The Norwegian government’s decision to tighten the Government Pension Fund Global’s (GPFG) coal exclusion criteria will see the world’s richest sovereign wealth fund withdraw a combined AU$3 billion from AGL, BHP and South32.
The announcement comes at a particularly bad time for AGL, just days after the company’s share price fell significantly following news of an ongoing outage at its Loy Yang A power station. The aging Loy Yang A plant runs on highly polluting brown coal – and, despite the latest climate science telling us Loy Yang needs to be closed down by 2030 in order to meet the goals of the Paris Agreement, AGL plans to keep it operating until 2048.
A growing trend
Australian-based AGL, BHP and South32 are among eight companies impacted by GPFG’s new $8 billion coal divestment decision. Anglo American and Glencore, which both have major coal mining operations in Australia, also face divestment.

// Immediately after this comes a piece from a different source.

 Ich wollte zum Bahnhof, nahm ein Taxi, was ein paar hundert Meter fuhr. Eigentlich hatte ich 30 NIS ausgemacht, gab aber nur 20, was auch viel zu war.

These companies join a growing list of fossil fuel players that have been blacklisted by GPFG. The fund’s first coal exclusion criteria were announced in 2015, leading to some $6.5 billion being withdrawn from companies that derive at least 30% revenue or generate more than 30% power from coal.

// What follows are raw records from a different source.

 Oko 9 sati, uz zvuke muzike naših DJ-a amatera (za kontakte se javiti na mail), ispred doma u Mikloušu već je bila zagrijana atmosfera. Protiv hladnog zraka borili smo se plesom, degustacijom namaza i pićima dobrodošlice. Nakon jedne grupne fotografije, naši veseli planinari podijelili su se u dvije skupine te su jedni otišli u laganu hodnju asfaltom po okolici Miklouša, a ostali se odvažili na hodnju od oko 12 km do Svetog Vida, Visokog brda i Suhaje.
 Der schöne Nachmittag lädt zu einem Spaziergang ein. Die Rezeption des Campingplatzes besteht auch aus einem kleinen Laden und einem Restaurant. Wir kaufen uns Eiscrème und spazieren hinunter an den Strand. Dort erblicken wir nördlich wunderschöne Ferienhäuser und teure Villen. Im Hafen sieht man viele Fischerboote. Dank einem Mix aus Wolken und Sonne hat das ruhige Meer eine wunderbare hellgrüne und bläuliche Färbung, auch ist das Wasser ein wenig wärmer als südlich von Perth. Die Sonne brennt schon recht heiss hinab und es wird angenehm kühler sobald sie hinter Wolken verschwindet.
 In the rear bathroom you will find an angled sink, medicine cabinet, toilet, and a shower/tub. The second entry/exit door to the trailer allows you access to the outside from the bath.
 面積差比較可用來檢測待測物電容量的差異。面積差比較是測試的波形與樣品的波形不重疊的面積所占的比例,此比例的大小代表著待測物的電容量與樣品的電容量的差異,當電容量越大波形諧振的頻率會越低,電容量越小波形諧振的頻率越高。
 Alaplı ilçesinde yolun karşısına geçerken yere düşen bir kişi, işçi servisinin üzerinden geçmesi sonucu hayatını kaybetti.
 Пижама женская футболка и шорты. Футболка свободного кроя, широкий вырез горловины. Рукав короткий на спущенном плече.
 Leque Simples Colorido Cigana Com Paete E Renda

This latest GPFG divestment decision also confirmed plans announced in March to dump investments in 134 oil and gas companies. The March announcement impacted Australian companies including Woodside, Santos, Oil Search, Beach Energy, Caltex, Horizon Oil, Karoon Energy, Cooper Energy and Senex Energy, and saw a significant drop to oil and gas stocks on the Australian sharemarket.

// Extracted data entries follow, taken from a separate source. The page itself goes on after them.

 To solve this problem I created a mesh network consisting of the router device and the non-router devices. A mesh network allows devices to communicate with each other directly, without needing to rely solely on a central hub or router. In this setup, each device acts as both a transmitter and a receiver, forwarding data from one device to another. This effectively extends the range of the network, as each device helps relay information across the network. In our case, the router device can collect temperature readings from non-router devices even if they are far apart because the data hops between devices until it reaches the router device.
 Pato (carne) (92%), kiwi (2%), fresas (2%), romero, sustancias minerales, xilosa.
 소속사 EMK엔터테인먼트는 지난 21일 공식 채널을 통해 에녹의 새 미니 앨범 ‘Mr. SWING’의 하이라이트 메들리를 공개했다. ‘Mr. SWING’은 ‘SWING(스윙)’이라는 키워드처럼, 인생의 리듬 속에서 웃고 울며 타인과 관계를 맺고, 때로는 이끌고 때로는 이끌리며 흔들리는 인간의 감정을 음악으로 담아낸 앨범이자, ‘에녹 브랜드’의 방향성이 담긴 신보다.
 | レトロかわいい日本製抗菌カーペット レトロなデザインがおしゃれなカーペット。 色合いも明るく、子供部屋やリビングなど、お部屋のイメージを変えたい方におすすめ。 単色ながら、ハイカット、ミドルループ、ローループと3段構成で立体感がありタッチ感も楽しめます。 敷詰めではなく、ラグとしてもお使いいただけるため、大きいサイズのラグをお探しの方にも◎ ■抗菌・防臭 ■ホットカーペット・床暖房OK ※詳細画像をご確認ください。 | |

Do these company names sound familiar? Well you may have seen them named and shamed in Market Forces’ Out of Line, Out of Time report earlier this year. The report recommended superannuation funds divest from 21 companies in the ASX300, as they are actively undermining the climate goals of the Paris Agreement by expanding the scale of the fossil fuel industry and basing their business plans on scenarios that would doom Paris to failure.
Three other companies – AGL, BHP and Origin – were found to be acting similarly, but had shown progress towards bringing their business into line with the Paris climate goals. These companies were given a year to act to get themselves off the divestment list.
The writing’s on the wall
It seems the Norwegian Sovereign Wealth fund’s patience has run out. The message from the $1.5 trillion fund is clear: there is no future in fossil fuel investments.
And that’s a message that needs to be heard by Australia’s $2.7 trillion superannuation industry.
To date, just three of the country’s 50 largest super funds have any sort of fund-wide fossil fuel exclusion policy:
- Local Government Super excludes investments in companies deriving more than a third of revenue from coal mining, tar sands, or coal-fired power.
- Vision Super announced in November 2018 it would be divesting from companies that generate more than 25% of revenue from thermal coal and tar sands.
- Hesta’s core option has, since 2014, excluded new investments in companies that derive 15% of revenue or net value from thermal coal exploration or development of new or expansionary thermal coal mines.
While these policies are all miles behind the action taken by GPFG, they are ahead of the pack amongst Australia’s biggest super funds.
GPIF has shown the kind action that’s required of investors wanting to align their portfolios with the goal of limiting global warming to 1.5°C. Australian investors, including our super funds, must step up and immediately divest from all companies that are actively undermining the Paris climate goals.